The heavily armed shooter who was taken down by three unarmed US men on a train outside Arras was reportedly carrying a Kalashnikov AK-47 assault rifle, along with nine magazines and up to 300 rounds of ammunition.
Security experts have been quick to point out that this is the same type weapon used by the masked, black-clad killers whose Paris attack on the offices of French comic Charlie Hebdo took 12 lives in January, prompting a major security alert across France.
Most Europeans would expect to see these weapons in warzones such as Ukraine or Syria, but while they are banned in France, there have been reports in recent years of their increasing availability to terrorists. And in October 2014 French police raided homes across the country recovering hundreds of weapons and arresting forty-eight people, after a major internet weapon-smuggling ring was broken up.
Most illegal weapons in France are believed to come from Eastern Europe, where large stocks of Soviet-era weapons found their way onto the black market with the opening of vast arsenal at the end of the Cold War. More recently weapons are also believed to have been transport from North African countries, such as Libya, since the Arab Spring.
According to the French Interior Ministry drug dealers and terrorists have been acquiring these weapon in increasing numbers, while earlier this year Philippe Capon, head of the French police union, warned that, the French black market had been “inundated” with weapons from Eastern Europe. This came amid reports that AK-47s retail for as little as 1,000 to 1,5000 Euro on the black market.
Earlier this year French media reported that last year as many as a dozen people were killed by AK-47s in France, while in 2012 the Firgaro newspaper reported that French police estimated there were 4,000 military grade weapons circulating illegally in France.
Often however the weapons are not actually AK-47s but cheap knock-offs or Eastern European/Chinese derivatives, but with the ubiquity of the AK-47 family of weapons, it is no surprise that the Arras train attacker selected the weapon.

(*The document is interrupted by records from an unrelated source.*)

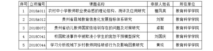 近日,根据《贵州省教育厅办公室关于公布2018年贵州省教育科学规划课题立项名单的通知》(黔教办科〔2018〕122号),2018年贵州省教育科学规划课题评审结果揭晓。必赢五位老师申报的课题获2018年贵州省教育科学规划课题。
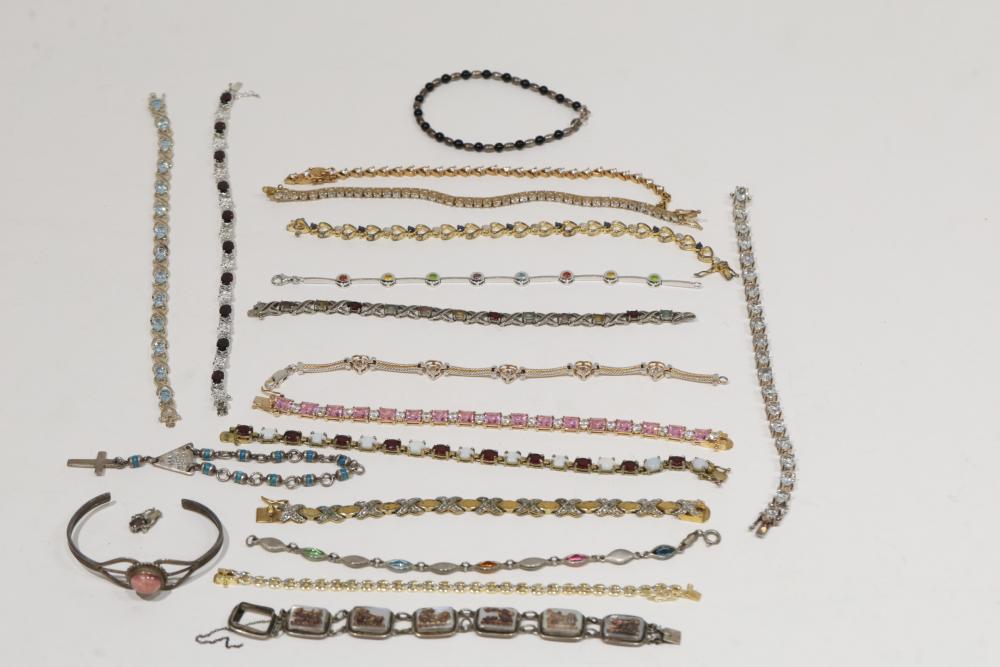 Sterling Silver and Gold-Tone Bracelets with Charms. Includes bracelets made of sterling silver marked 925 and some with gold-tone finishes. Features various designs, including chain styles, tennis bracelet styles with stones, and charm bracelets with decorative pendants. Total weight being 215 grams.
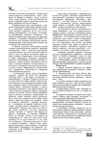 Анализ. Изучены особенности формирования специфического психологического состояния жертвы в ходе осуществления деструктивного коммуникативного воздействия. Систематизированы средства, используемые злоумышленником для создания соответствующего состояния, выявлены используемые темпоральные факторы, лексическая специфика, риторические приемы.
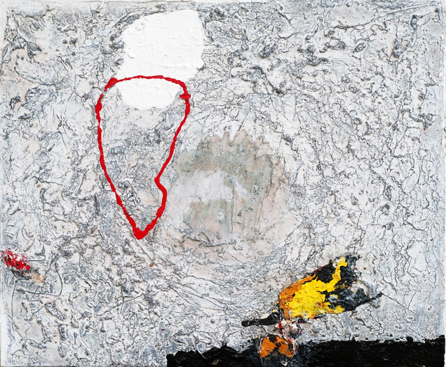 Acrylic, collage, texture on Canvas, 140 × 180 cm...
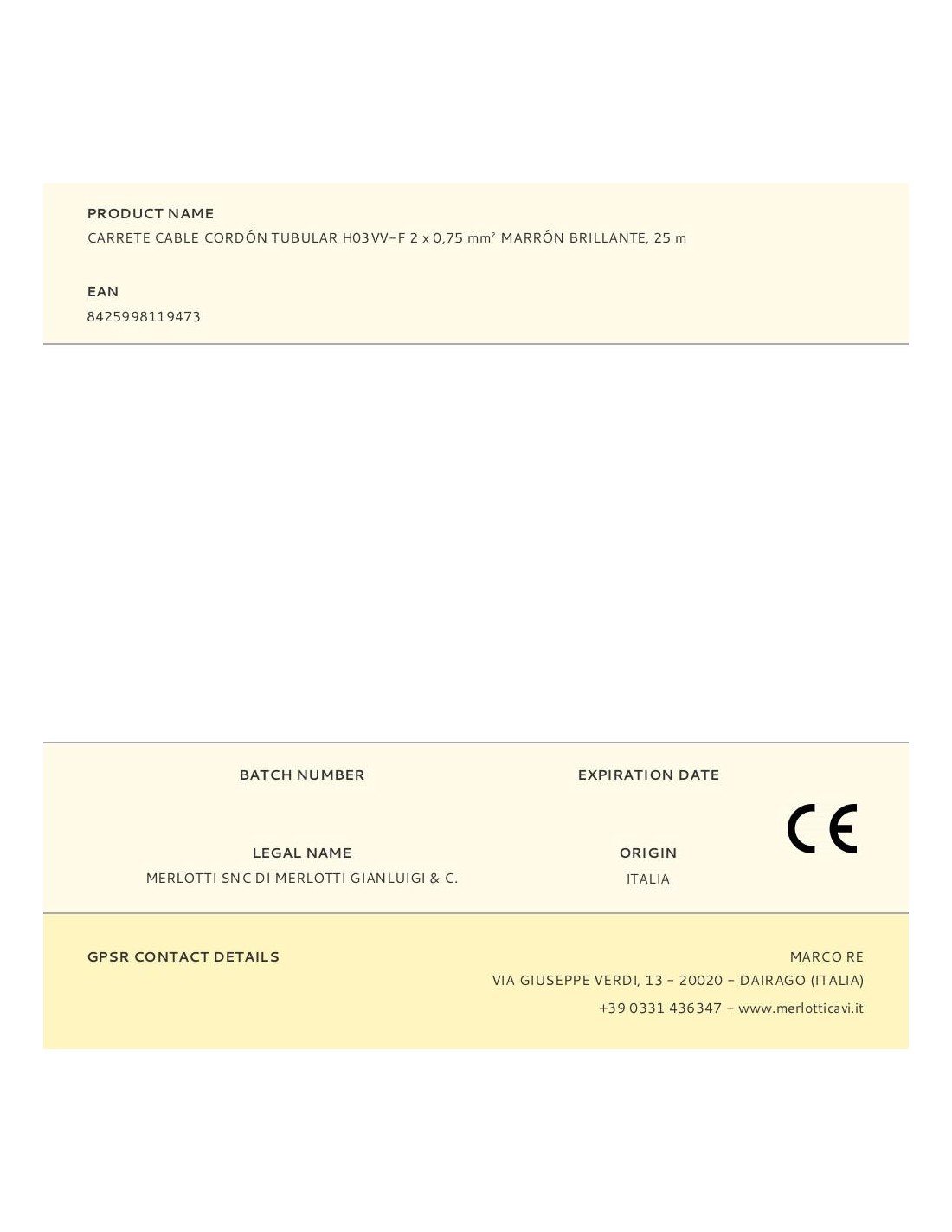 Carrete cable cordón tubular h03vv-f 2 x 0,75 mm marrón brillante, 25 m
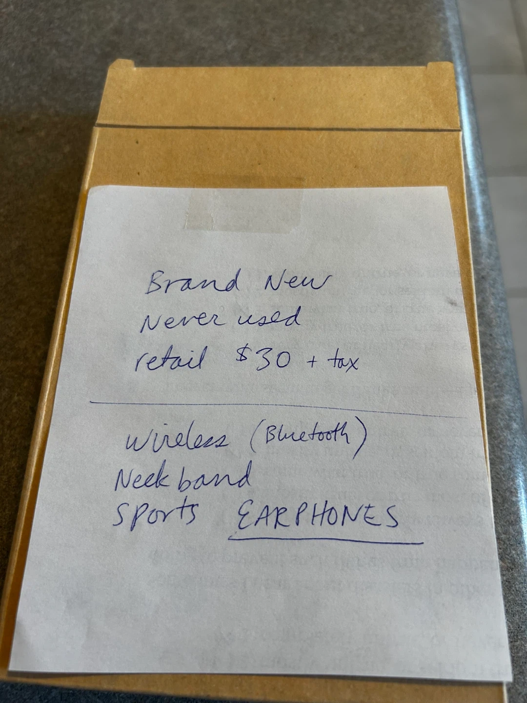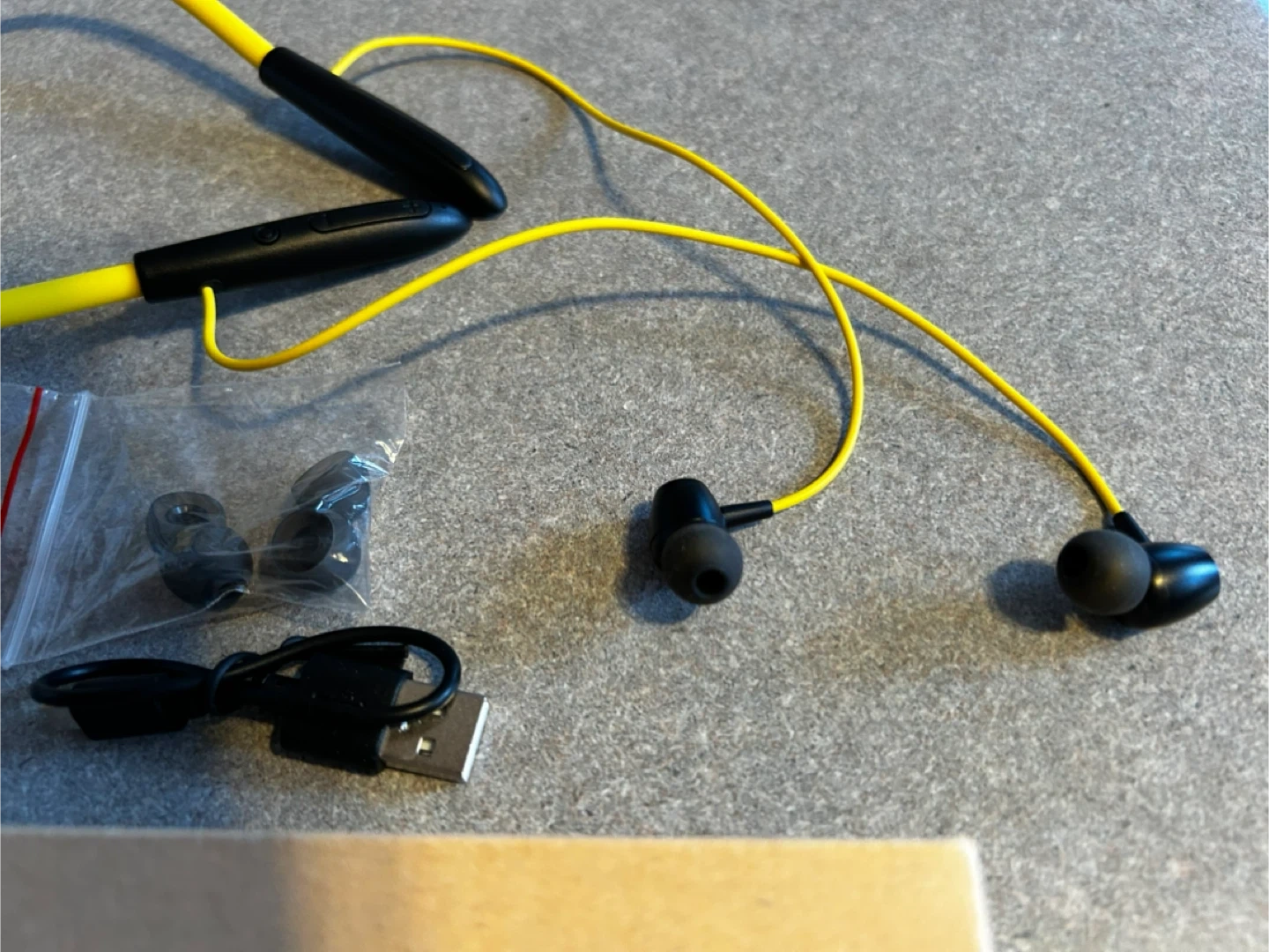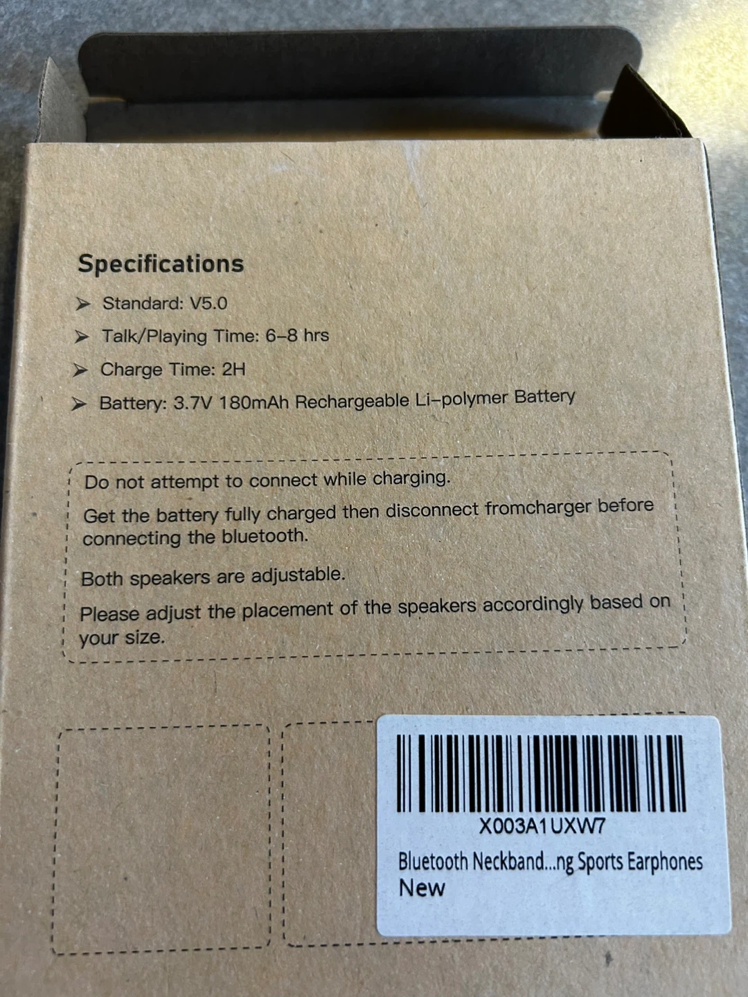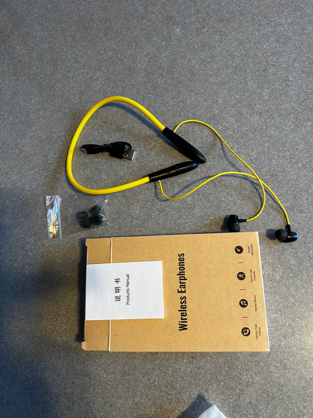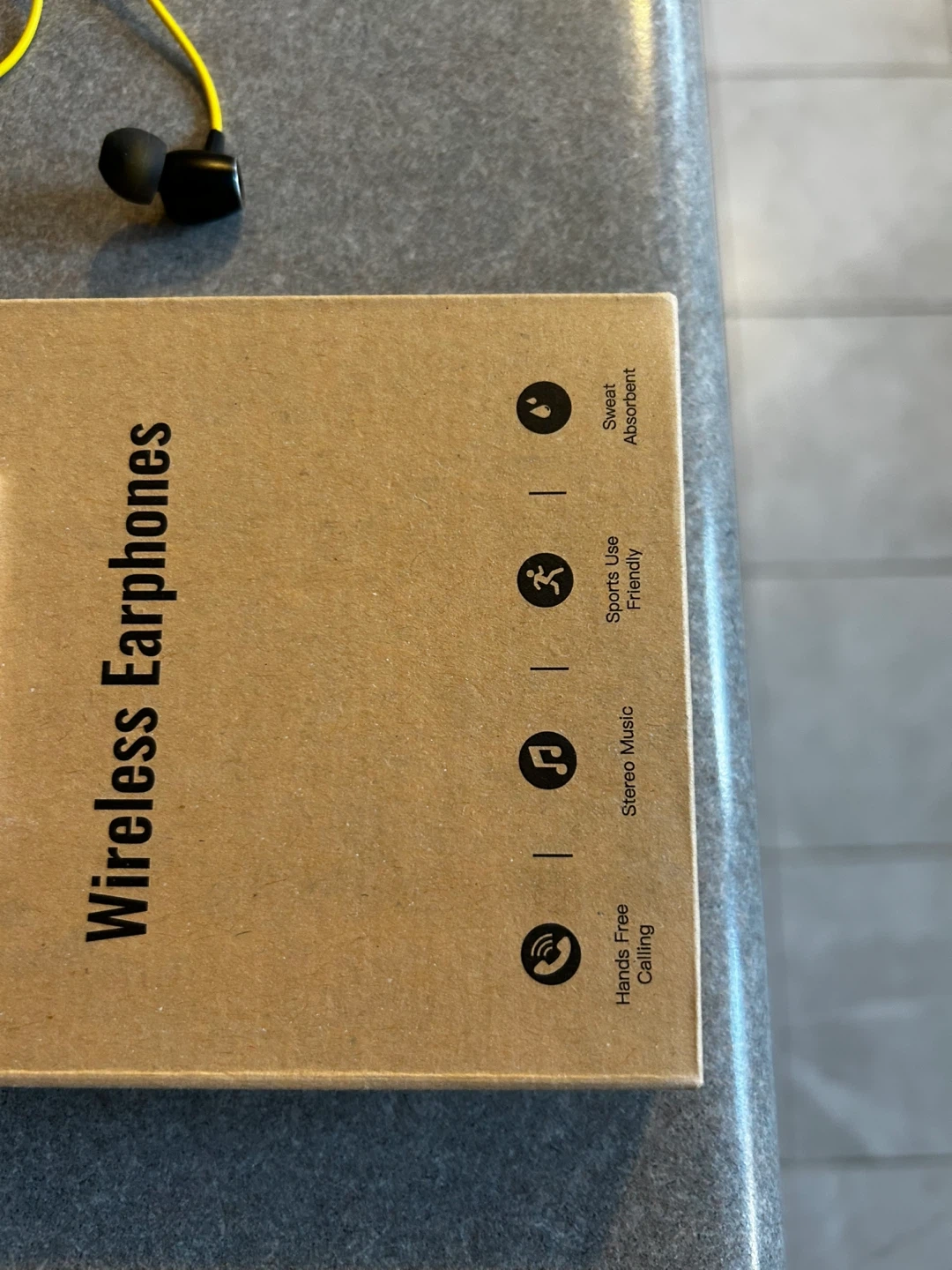 Wireless neckband sports earphones are brand new and have never been used! They come with the original box and accessories, including extra earbud tips and a charging cable. The box says these are sweat absorbent, sports use friendly, and great for stereo music and hands-free calling. Originally retailed for $30 plus tax

Since the Mumbai terror attacks in 208, where gunmen killed more than 150 people across four days of co-ordinated shootings, and the most recent Tunisia beach attack, police in the UK have feared a “marauding-style attack” by gunmen armed with automatic weapons.
However senior police officers have repeatedly stated that military-grade weapons were far harder to source in the UK for criminals and terrorists. Despite this though. police charged seven people last week after a cache of weapons was recovered in Kent.
The seizure of more than 30 assault rifles and Skorpion machine pistols, along with 58 magazines and 1,000 rounds of ammunition, is the largest operation of its kind in the UK and followed a major investigation by the National Crime Agency (NCA).
A total of six men and a woman were arrested after the deadly stash of high-powered weapons was taken from a van as it left Cuxton Marina in Kent, after it arrived by motor cruiser from France.